Discussing the legacy of Pope Benedict XVI on the February 11 edition of MSNBC's "The Cycle," co-host Krystal Ball praised the retiring pontiff for being a "real advocate for addressing climate change" and for joining Twitter, but lamented that he was "outspoken in keeping women from being ordained" and "went after the largest group of nuns in America for basically spending too much time focused on the poor and not enough on abortion and gay marriage."
But as we at NewsBusters have noted time and again, the nuns who were corrected by the Vatican were NOT attacked for their good social work and most certainly were not denounced for being too busy caring for the poor to deal with the politics of abortion or gay marriage. No, the Vatican's rebuke -- which was tenderly-worded and pastoral in nature, by the way -- was largely centered on questions of Catholic doctrine and ecclesiology, as my colleague Paul Wilson explained in an April 2012 post addressing a similar gripe by the Washington Post's Melinda Henneberger (emphases mine):
Taking care of the poor, of course, is not all that the LCWR has done, as a cursory examination of the LCWR website proves. One of their “featured resources” includes a paper, “We are the 99%,” which at one point declares: “The Occupy Movement is a direct answer to the last years of profit over people and earth.” And Henneberger herself mentioned that the Leadership Conference of Women’s Religious supported Obama’s Affordable Care Act – popularly known as Obamacare.

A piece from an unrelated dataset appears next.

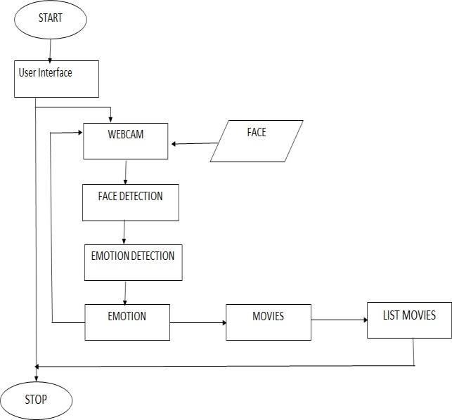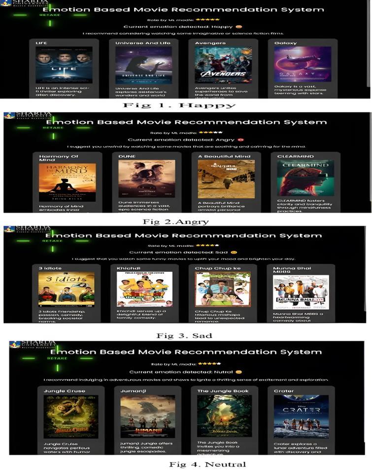 E. Emotion Detected: Once the emotion has been recognized, connect it to the appropriate movie categories using predetermined connections. For Example if you are feeling sad, this system will providesyoumoviesthatwillmakeyourmoodhappy. Ifyouremotionishappysystemwillprovidecomedy movies,adventuresmovies,romanticmovieslikethis.

The assessment itself mentions several instances of grave dissent at the LCWR from Church teaching, citing protests of Catholic teaching on women’s ordination and Sister Laurie Brink’s 2007 Keynote Address, which included: “The Benedictine Women of Madison are the most current example I can name. Their commitment to ecumenism lead [sic] them beyond the exclusivity of the Catholic Church into a new inclusivity, where all manner of seeking God is welcomed. They are certainly religious women, but they are no longer women religious as it is defined by the Roman Catholic Church. They choose as a congregation to step outside the Church in order to step into a greater sense of holiness. Theirs was a choice of integrity, insight and courage.”
But that did not matter to Henneberger, who loaded her column with jabs at the Church. “[T]hey dare to indict the sisters for silence on abortion. (If memory serves, the Vatican itself has now and again been accused of keeping quiet when it shouldn’t have been.)” That’s either twisting the knife of the sex abuse scandals or taking a stab at the definitively debunked slander that Pope Pius XII ignored the plight of Europe’s Jews during WWII – or both. Now, Henneberger wrote, the Catholic hierarchy was engaged in a “common garden power play by a bunch of guys whose control is slipping, their authority undermined by their own failures.” She declared: “The Vatican, of course, knows a lot about scandal – to the point that the nuns are the only morally uncompromised leaders poor Holy Mother Church has left.
“Keep right on like this, your excellencies, and before you know it even more Catholics will be “moving beyond the Church.’”
Henneberger has it precisely backwards. The rapid decline in vocations in the Church since Vatican II was the result of members of the hierarchy rebelling against the teachings of the Church in the first place, causing massive confusion in the Church. And there are strong signs that the traditional Church is making a comeback, as an April 12 Wall Street Journal editorial, “Traditional Catholicism is Winning,” points out.
The doctrinal assessment, of course, is much less hysterical than the ravings of Henneberger might lead one to believe, declaring: “The overarching concern of the doctrinal Assessment is, therefore, to assist the Leadership Conference of Women Religious in the United States in implementing an ecclesiology of communion founded on faith in Jesus Christ and the Church as the essential foundation for its important service to religious Communities and to all those in consecrated life.
Ball, like Henneberger and other liberal journalists before her, prefers a misleading narrative that simplistically casts nuns as innocent, good-works-devoted victims of the Church's overly-political bishops. That makes for a compelling diatribe when you're preaching to the choir, but it's hardly the gospel truth.